None of the bottles had been the telltale brown packaged by healers.

A pile of blankets, a cupboard of pots, pans, and plates, a pantry of dry goods, four windows, a door, a hearth, an uneven table, two wooden chairs, a bed, a vageth, a hungover princess, a Sulgrave fae.

She brought her hand to her head as she asked, “Where’s Tyr? ”

Dwyn’s lower lip puckered. She abandoned whatever she’d been busying herself with at the table. “You don’t remember?”

The attempt to shake her head only exacerbated her headache. She winced.

“Lay down, Firi. I’ll get you some cold water.”

“When is he coming back?”

Dwyn sighed loudly.
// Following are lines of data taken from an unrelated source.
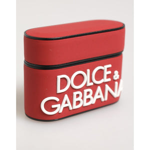 Dolce & Gabbana Red White Silicone Embossed Logo Accessory Airpods Case
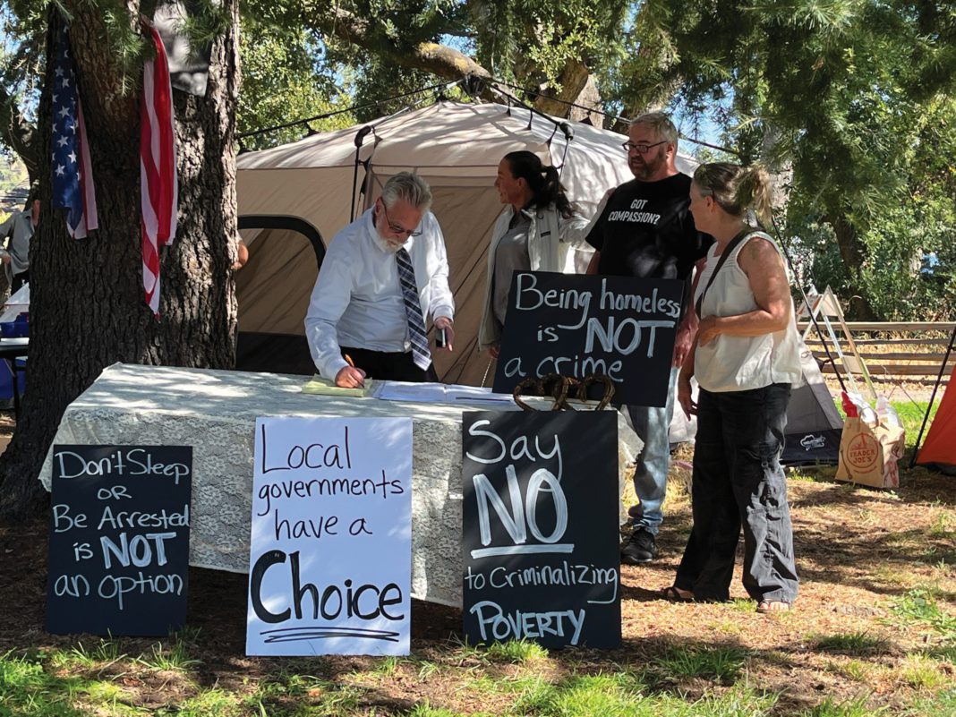 “It is disingenuous to call it an urgency ordinance,” said attorney Hollingsworth. “There was no event immediately preceding this special meeting. If it was really urgent, they would have done it in July, after the Supreme Court ruled in Grants Pass that it’s not cruel and unusual punishment to criminalize sleeping.”
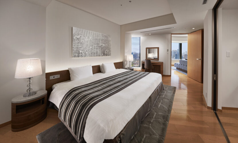 奥のベッドルームには、落ち着いたアートと広いキングベッド。夜景とともにゆっくりと心が静まっていく、穏やかな夜を過ごせます。気ままに過ごしながらも、自然と自分のペースが整っていく。パークスイートは、そんな“大人の滞在”に寄り添う空間です。
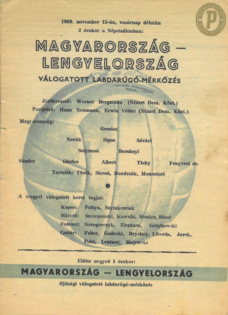 Az 1960. november 13-i Magyarország – Lengyelország (4–1) barátságos mérkőzés műsorfüzete – Monostori Tivadar ezen az összecsapáson volt először kezdő a nemzeti csapatban, s rögtön duplázott.
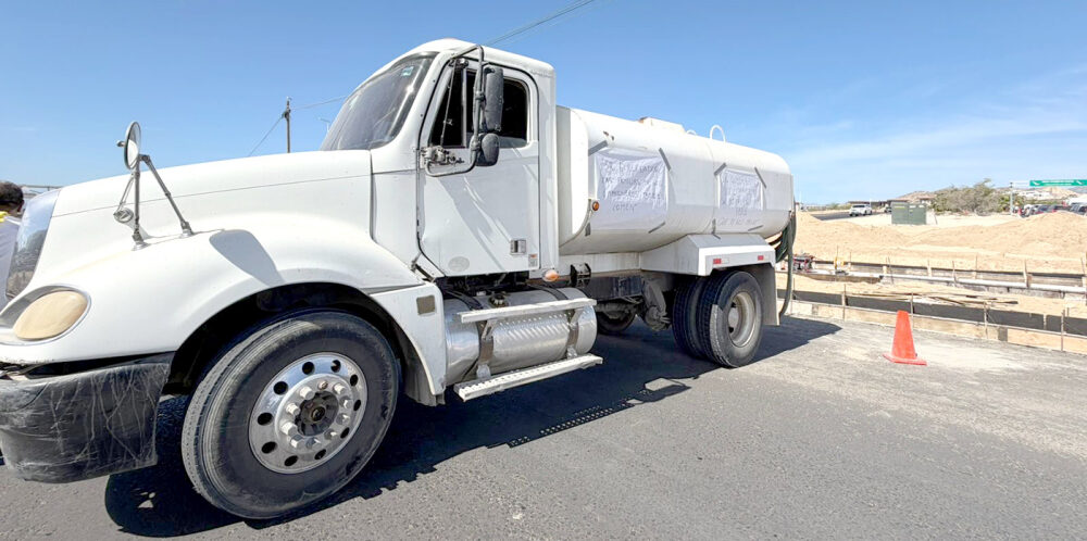 Desde 2025, los transportistas trabajan trasladando material para la obra del paso a desnivel en la Glorieta de las Mujeres Libres en Cabo San Lucas; sin embargo, dejaron de recibir sus sueldos una vez que inició este año.
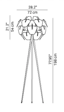Floor lamp Hope is a modern interpretation of a classic standing chandelier. It uses lightweight, polycarbonate flakes integrated with Fresnel lenses, which optimize the reflection and distraction of light, creating a warm and sparkling atmosphere. The structure is based on a steel frame, which ensures stability and durability, while maintaining a subtle and elegant look.
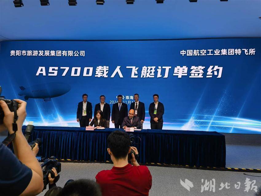 11月12日,第十五届中国国际航空航天博览会开幕首日,“祥云”AS700载人飞艇现场签订10架购艇订单,“鲲龙”AG600M飞机签署6架购/租合作协议。
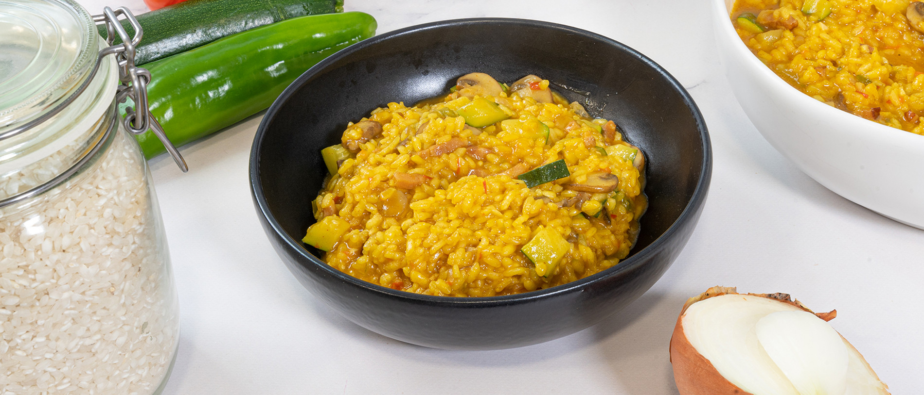 Esta receta de arroz cremoso al azafrán con calabacín, champiñones y bacon me parece una receta estupenda para esos días en los que no te quieres complicar demasiado y quieres preparar una receta rápida con tu Thermomix®, además es muy sabrosa y de esos platos que te ilusiona tener en la mesa, muy apetecible.

She gestured to the overturned bottles. “We drank a lot last night. Things got…weird.”

Ophir grunted against the pain and the statement alike as she said, “We’ve been trapped in a hate threesome for months. How much weirder can they possibly get?”

She was met with an appreciative, considering face before Dwyn said, “Maybe weird was the wrong word. Tyr got what he came to Farehold for, Firi. He’s returning to Sulgrave to use what he learned to get vengeance for Svea. He’s gone.”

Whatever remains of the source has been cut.